Cameron ‘confident’ of EU reforms ahead of poll

British Prime Minister David Cameron has insisted he is “confident” of securing reforms in Brussels and indicated he remains open to staging a referendum on Britain’s membership of the European Union next year.

Cameron ‘confident’ of EU reforms ahead of poll

Mr Cameron admitted he was “not met with a wall of love” as he met European counterparts for the first time since his general election victory and conceded that securing a deal will take “patience and tenacity”.

At a summit in the Latvian capital Riga, the prime minister refused to rule out campaigning for Britain to leave the EU if his renegotiation efforts fail and said it would be “good” if the vote could be held earlier than 2017.
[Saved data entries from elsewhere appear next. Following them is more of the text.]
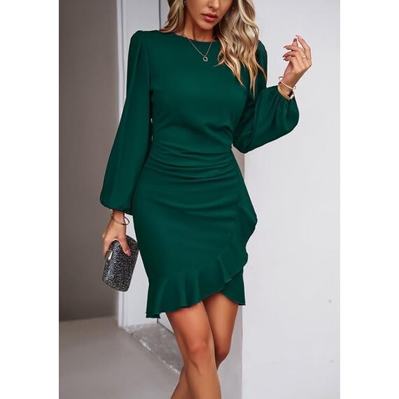 Haibang Damen Lange Ärmel Bodycon Mini Kleid Gerüschte Puffärmel Rüschensaum Rundhalsausschnitt Cocktail Party Arbeit Büro Kleid
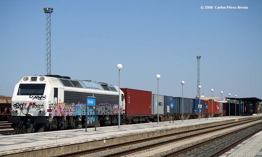 Locomotora 333-308 de Mercancias con un tren de contenedores Locomotive 333-308 of Goods with a train of containers Station: Merida (Badajoz) - 21/08/06
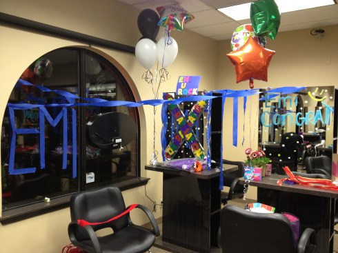 Last week I graduated from beauty school. My girls at school did it up big with the decorating and the balloon-getting and the flower-giving, as evidenced below.
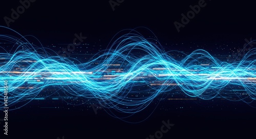 Abstract Digital Waveform: Glowing Blue Energy Flowing Through Dark Space
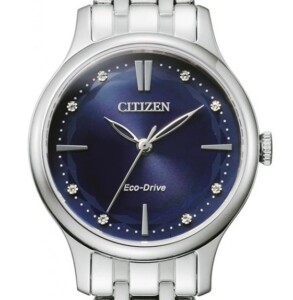 Citizen Lady EM0890-85L - przepiękny i elegancki zegarek damski marki Citizen. Jego zdobiona brylantami tarcza dodaje całości niezwykłego uroku, a także prestiżu. Srebrna koperta i niebieska tarcza wspaniale ze sobą współgrają i tak samo idealnie współgrać będą również z każdą Twoją stylizacją!
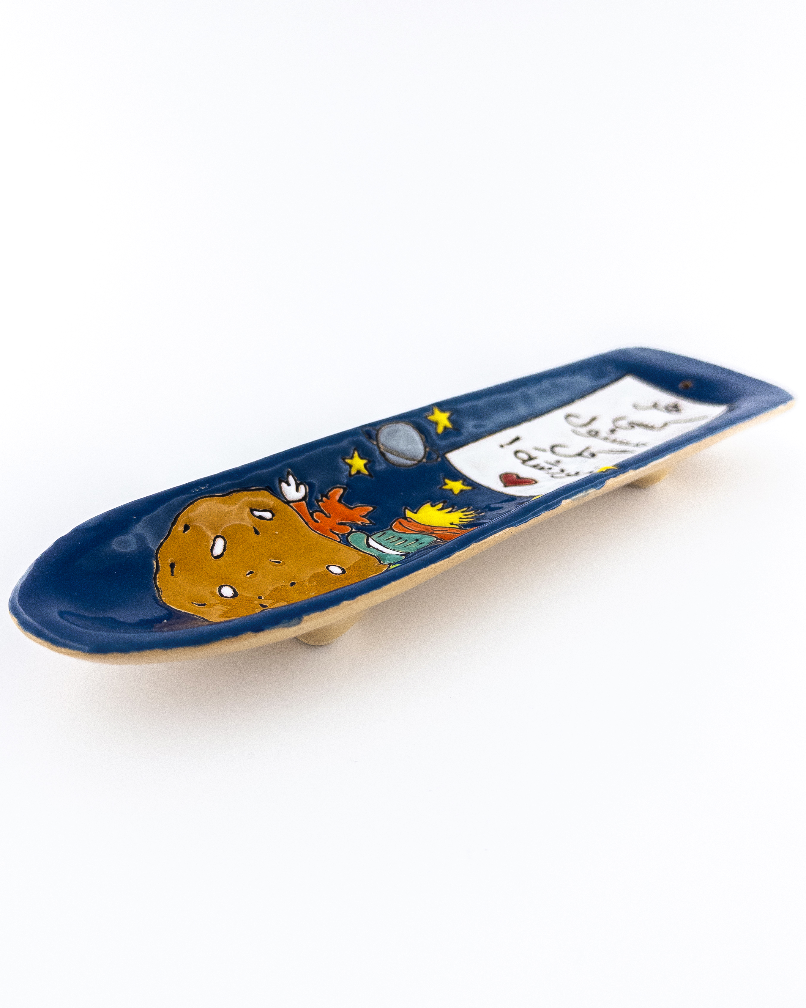 اگر از آن دسته افرادی هستید که با هر عطر عود، در خیال و آرامش غرق میشوید، این اثر هنری با دستان هنرمندان ایرانی از سفال مرغوب و لعاب حرارتدیده ساخته شده و روی آن تصویری دلانگیز از شازده کوچولو و روباه با جملهی معروف از شازده کوچولو: هرکسی مسئول گل خودشه!»
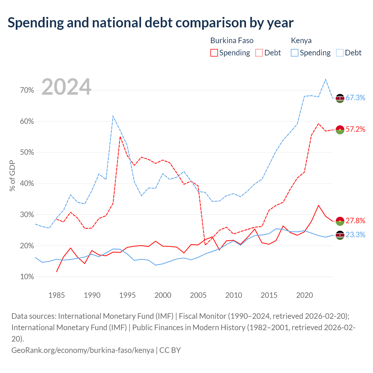 Burkina Faso has $13.2B in government debt (57.2% of GDP), compared to $81B (67.3% of GDP) in Kenya.
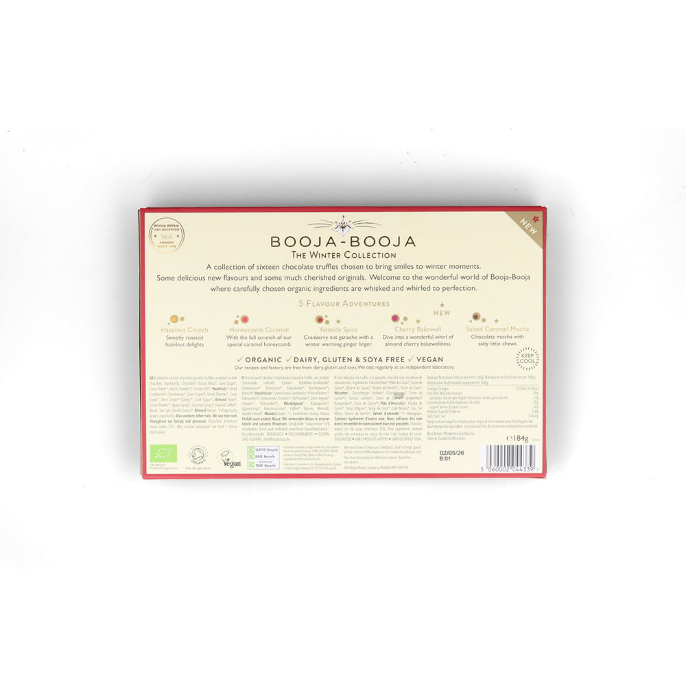 Satisfy your sweet tooth with Booja Booja’s Winter Truffle selection. The elegant box contains 16 vegan truffles in five delicious flavours. Dusted with cocoa powder, they have a silky smooth ganache centre.

After meetings with EU leaders, he said he would not “negotiate in public” but said there had been a “reasonable start” to yesterday’s talks and the sooner reforms were made, “the better”.
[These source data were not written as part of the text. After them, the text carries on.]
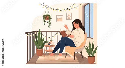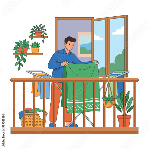 Mladá žena, zahradník zalévání rostlin na balkoně, ploché vektorové ilustrace. Dívka rostoucí Pokojové rostliny, ovoce a zeleninu v květináčích. Balkon zahradnictví. Městské zemědělství.
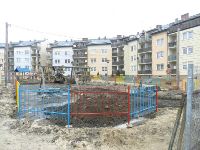 Ukończenie robót związanych z budową placu zabaw planowano na 1 czerwca. Zabawki oraz profesjonalny sprzęt fitness nie dotarły jednak na czas, w wyniku czego najmłodsi na skorzystanie z uciech placu zabaw będą musieli jeszcze poczekać. Jak powiedział nam prezes Towarzystwa Budownictwa Społecznego, Jacek Urbaniak, zamówienie z Chin dotrzeć ma dopiero 7 lipca. Następnie będą trwały prace związane z instalacją sprzętu, tj. zabetonowaniem, położeniem warstwy tłuczka oraz warstwy poliuretanowej.
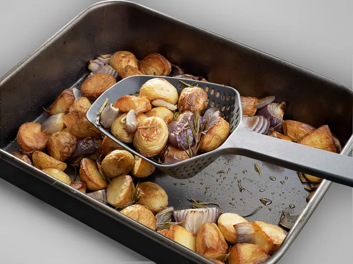 Scoop plus dørslag 34 cm fra Joseph Joseph er et praktisk køkkenredskab, der lader dig øse, lade væsken løbe fra og servere direkte fra en varm pande eller bradepande. Med silikonehåndtag og små kroge på undersiden kan du nemt hvile det på pandens eller grydekanstens kant under afdrypning.
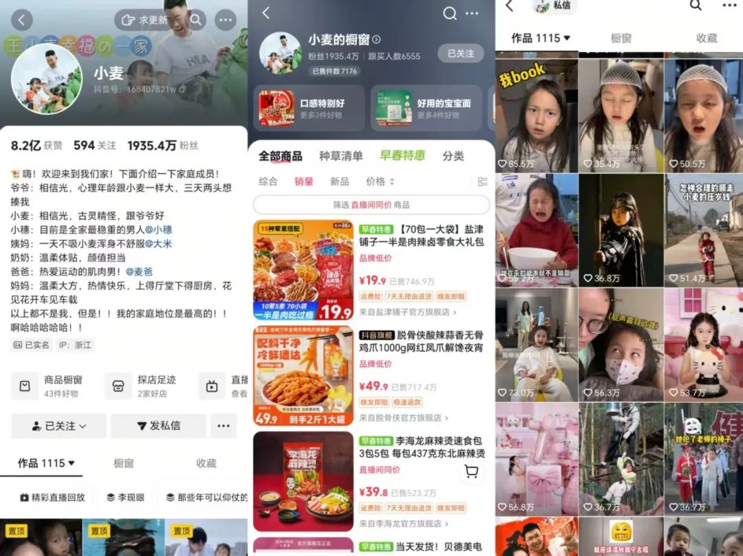 同样年仅四岁吸粉数千万的萌娃网红“麦子”,目前在抖音账号粉丝已达1935.3万,王小麦的视频风格也是以搞笑的日常分享为主,依靠脑回路异常的表现,而且非常社牛的表现力,还有兴趣爱好丰富的日常生活片段,王小麦也被很多网友视为“国民闺女”。、因特网闺女。
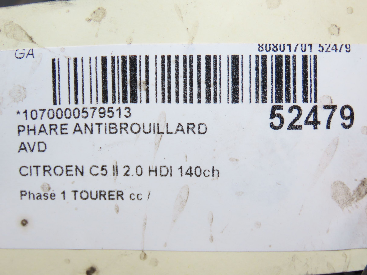 Phare antibrouillard avant gauche occasion CITROEN C5 II Phase 1 04-1995->04-1999 2.0 HDI 140ch
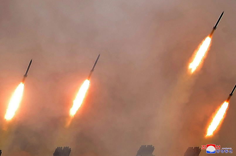 ▲ 網友稱,23日北韓將發射武器落入南韓市區,將建築物炸成灰燼。(示意圖/朝中社)
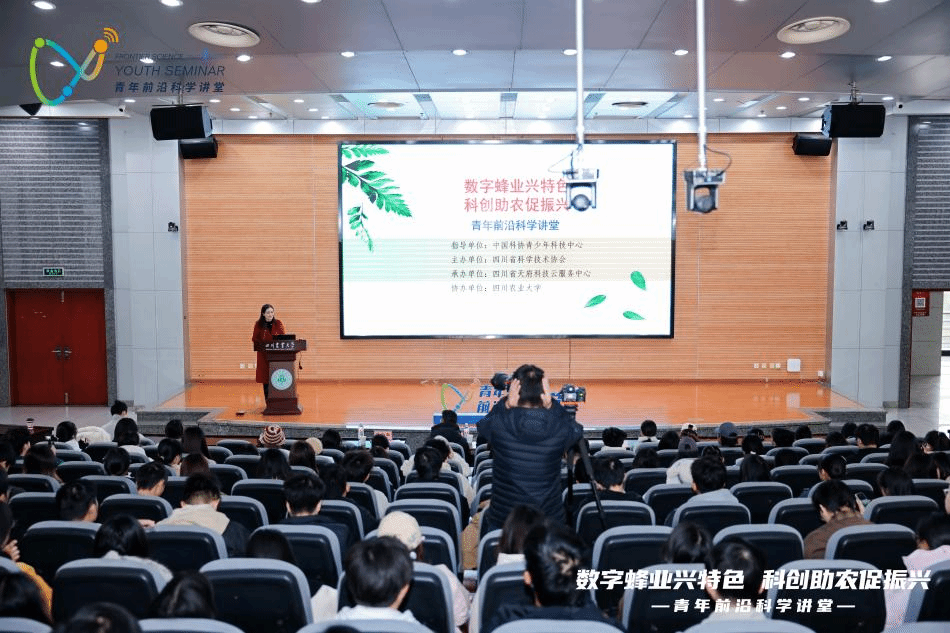 11月24日,由四川省科学技术协会主办、四川省天府科技云服务中心承办、四川农业大学协办的“数字蜂业兴特色 科创助农促振兴”青年前沿科学讲堂在我校成都校区二教报告厅顺利开展。本次讲座邀请天府万人计划入选者、四川省委新型智库专家、四川省学术和技术带头人后备人选张社梅教授进行分享。省科协创新发展部部长、天府科技云服务中心负责人杨博,学校科学技术协会副秘书长、科技管理处副处长张沙秋、学校团委副书记岳俊岐和400余名同学共同聆听蜜蜂产业促进乡村振兴的路径奥秘。
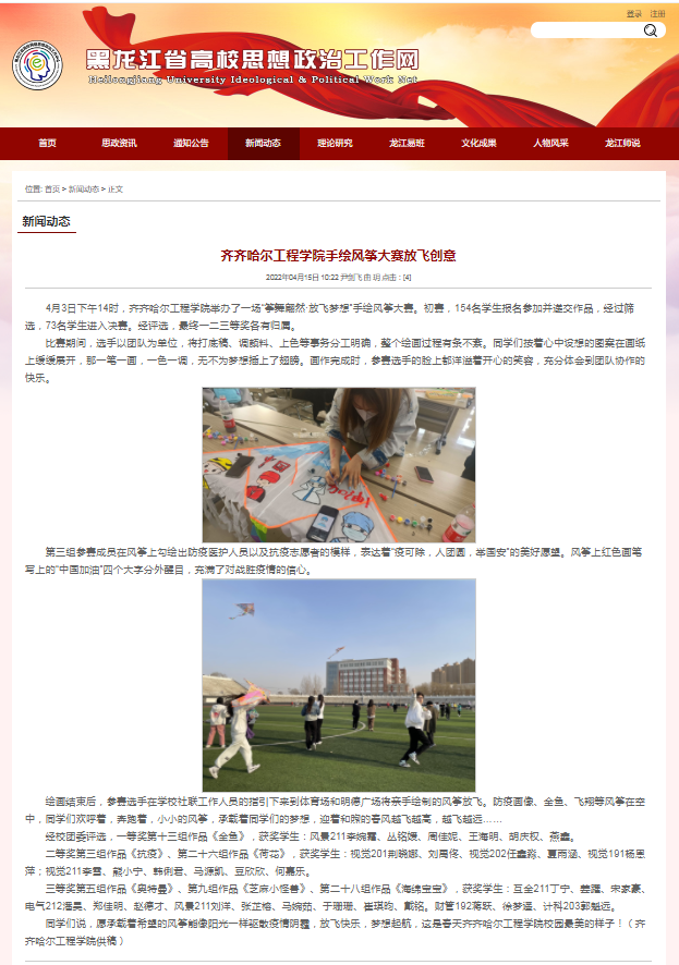 黑龙江省高校思想政治工作网:齐齐哈尔工程学院手绘风筝大赛放飞创意

Asked whether he could campaign for the UK to leave the EU, Mr Cameron said: “I’m confident, I’ve set out a series of changes which I think address the main concerns which the British people have, that I have about Europe and the way it works and I’m confident of getting those changes.

“I’ve tried to aim at things that are deliverable and doable rather than things that are impossible.

“But I’ve always said that if I don’t get what I think I need, I rule nothing out.”

He will follow up his discussions in the margins of yesterday’s summit – on relations with former Soviet bloc states outside the EU – with a tour of European capitals, including Berlin and Paris, to explain his thinking in greater depth.